The error in the Spark SQL for querying partitioned Hive tables like following:
javax.jdo.JDODataStoreException: Error executing SQL query "select PARTITIONS.PART_ID from PARTITIONS  inner join TBLS on PARTITIONS.TBL_ID = TBLS.TBL_ID   inner join DBS on TBLS.DB_ID = DBS.DB_ID  where TBLS.TBL_NAME = ? and DBS.NAME = ?".	at org.datanucleus.api.jdo.NucleusJDOHelper.getJDOExceptionForNucleusException(NucleusJDOHelper.java:451)	at org.datanucleus.api.jdo.JDOQuery.executeWithArray(JDOQuery.java:321)        ...............NestedThrowablesStackTrace:com.ibm.db2.jcc.am.SqlSyntaxErrorException: DB2 SQL Error: SQLCODE=-204, SQLSTATE=42704, SQLERRMC=CATALOG.PARTITIONS, DRIVER=4.17.36
The Hive metadata of BigInsight V3 is stored in DB2 (Don't ask me why, as it is from IBM), and the above error from DB2 simple means "Table NOT FOUND".If I change the above query like following:
select PARTITIONS.PART_ID from HIVE.PARTITIONS as PARTITIONS inner join HIVE.TBLS as TBLS  on PARTITIONS.TBL_ID = TBLS.TBL_ID   inner join HIVE.DBS as DBS on TBLS.DB_ID = DBS.DB_ID  where TBLS.TBL_NAME = ? and DBS.NAME = ?

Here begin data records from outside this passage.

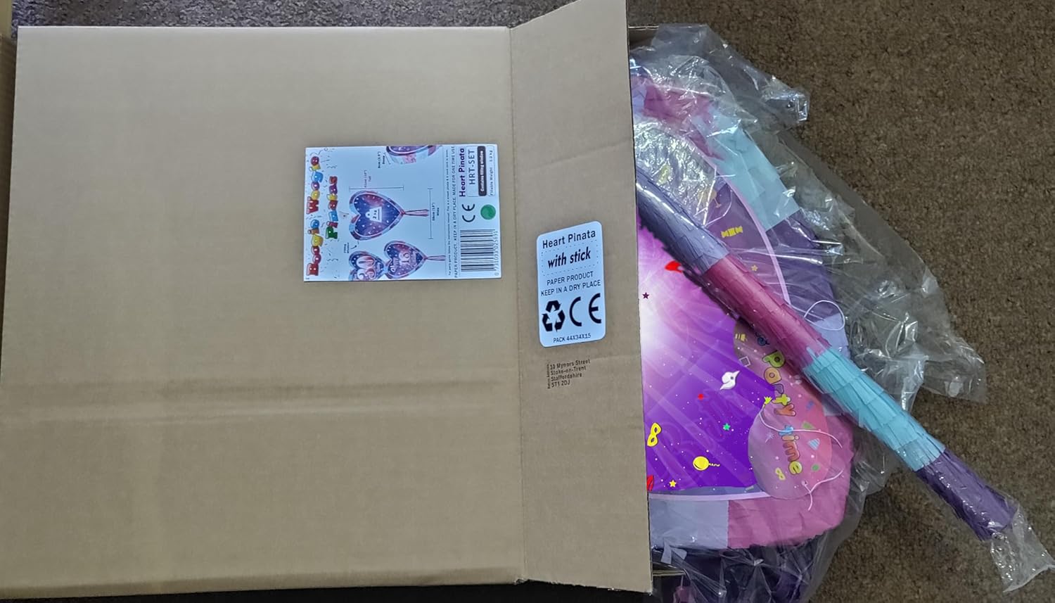 Questa pignatta a forma di cuore include un bastone e una benda abbinati. La pignatta è fatta di cartone e carta. Realizzato con colori perfetti da abbinare al tema delle feste da donna. rosa, viola e azzurro. La pignatta contiene una finestra per il riempimento. La pignatta è vuota e può essere riempita con dolci o mini sorprese. Peso di riempimento consigliato: 1-2 kg. La pignatta è alta 41 cm e larga 38 cm. È profondo 9 cm dai lati. Spazio sufficiente per aggiungere 1-2 kg di sorprese. Il bastone è lungo 50 cm ed è realizzato in materiale leggero. È facile da tenere e adatto anche per bambini e adulti. La benda è un ritaglio di carta o fatto di carta. È fatto per un uso una volta. Se i bambini indossano la benda, il gioco del colpo durerà più a lungo. Questa è una pignatta e un bastone è fornito per romperlo. La carta da appendere sotto la pignatta è a scopo decorativo. Si prega di notare che la carta da appendere o le nappe non sono cordini. Le foto mostrano la parte anteriore e posteriore della pignatta. Ogni lato ha un design leggermente diverso. Entrambi i lati mostreranno lo stesso testo in colori diversi. La pignatta è avvolta in un sacchetto di plastica. Sarà confezionato in una scatola di cartone resistente per arrivare in sicurezza.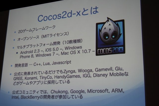 【GTMF 2014】近年採用が増えている2Dゲーム向けフレームワーク「Cocos2d-x」 2枚目の写真・画像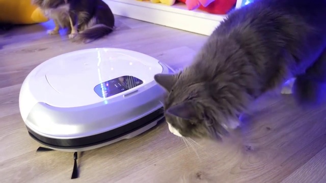 робот пылесос и кот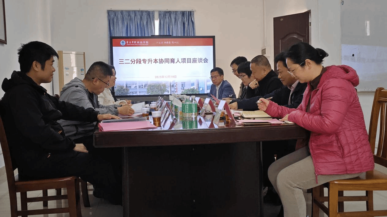 本网讯 12月18日下午,广东司法警官职业学院教务处副处长侯伟一行四人莅临政法学院,就深化三二分段协同育人项目进行工作推进交流。政法学院党委书记张滔华、院长许英以及双方相关人员参加座谈会。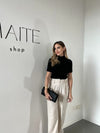 “Blazer nero 𝗠𝗮𝗶𝘁𝗲: taglio perfetto sulle spalle e lunghezza giusta sui jeans. Lo metto al lavoro e per l’aperitivo cambiando solo scarpe.”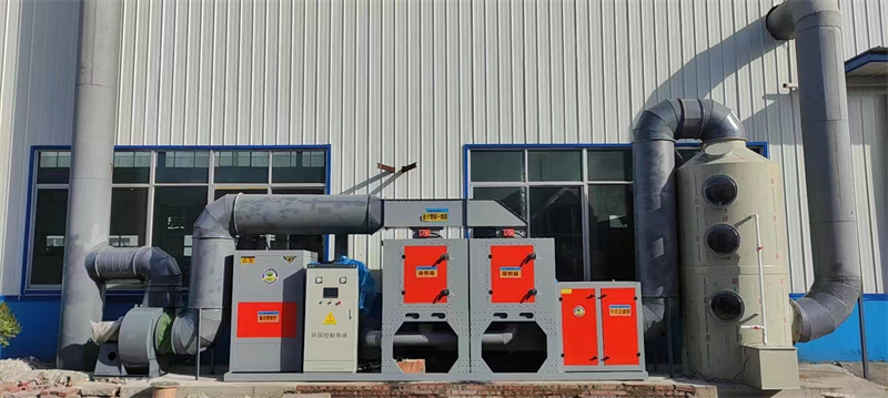 3、催化燃烧设备:在催化剂的作用下,使废气中的有机物在较低温度下发生氧化反应,转化为无害的二氧化碳和水。适用于处理高浓度、小风量的有机废气。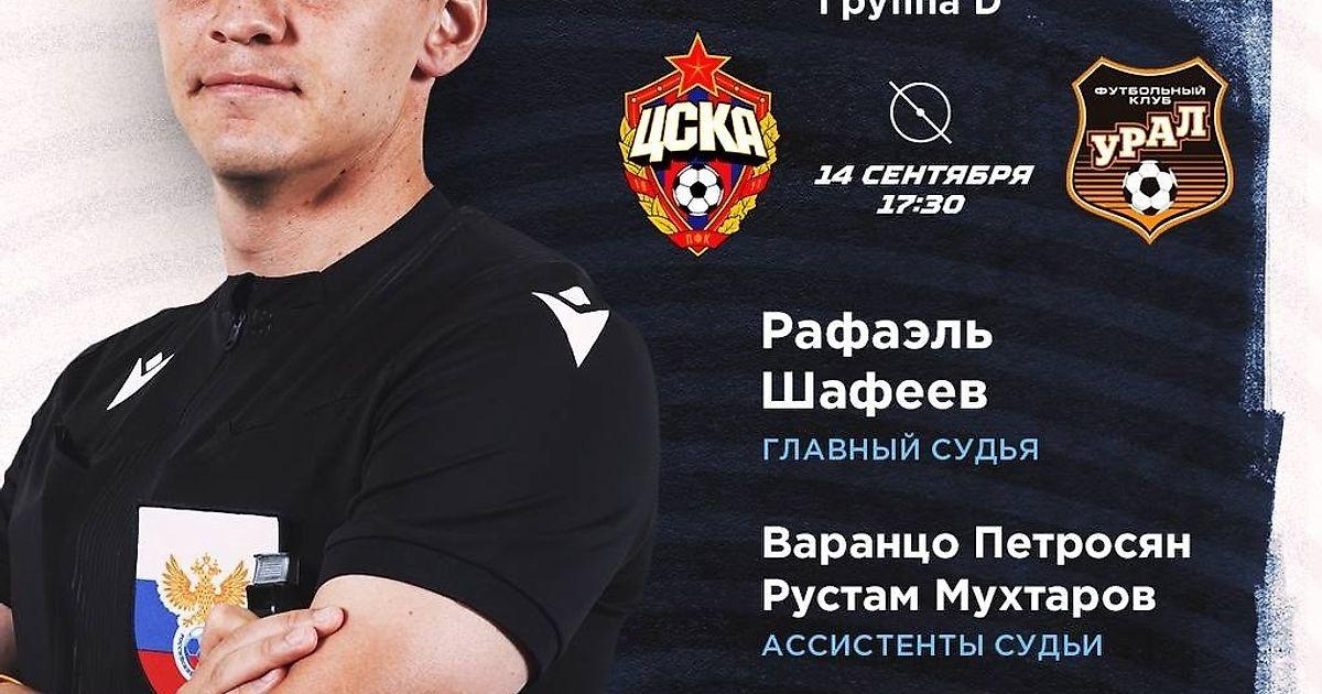 Рафаэль Шафеев назначен главным арбитром матча 2-ого тура группового этапа ФОНБЕТ Кубка России между ПФК ЦСКА и «Уралом»
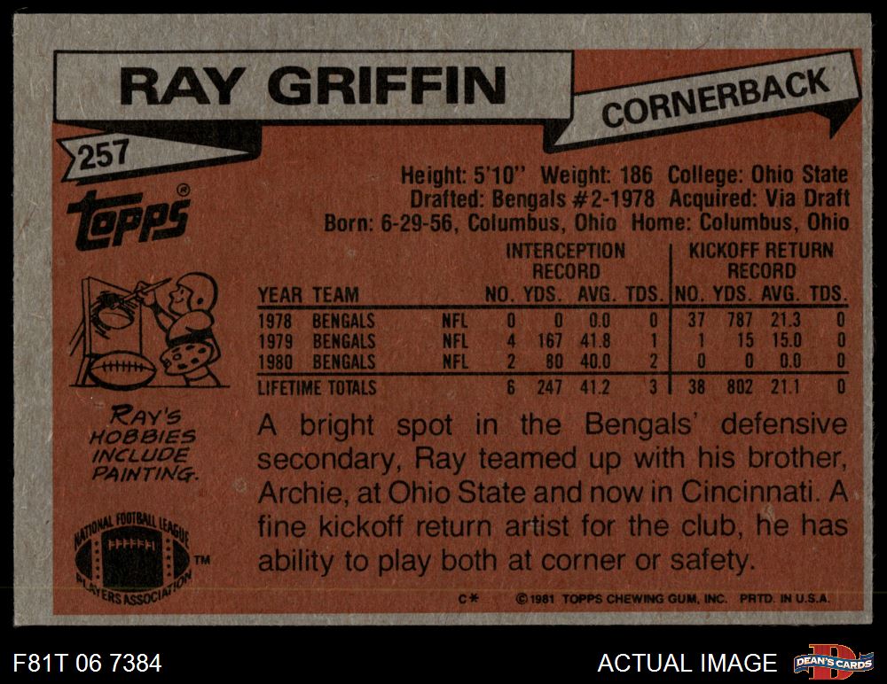 1981 Topps #257 Ray Griffin 7 - NM

and the query will work without any problem. My guess is that IBM changed some part of Hive, to make it can use DB2 as the underline database for Hive. In DB2, it has DB instance, schema and objects. In fact, table "PARTITIONS", "TBLS" and "DBS" are all existed in the DB2, but under "HIVE" schema.
Funny thing is that for unpartitioned table, the Spark SQL just works fine with DB2 as Hive metadata store.
So my options are:
1) Wait for IBM V4.0, which will include Spark, and they will make it work, but don't know when that will happen.2) Build Spark with the Hive jar provided from IBM BigInsight, assume these hive jars will work with DB2?3) Modify some part of Spark SQL code, to make it works with DB2?
My feeling is option 3 is the best, but not sure where to start. 
Thanks
Yong
db2 => select schemaname from syscat.schemata
SCHEMANAME--------------------------------------------------------------------------------------------------------------------------------......HIVE......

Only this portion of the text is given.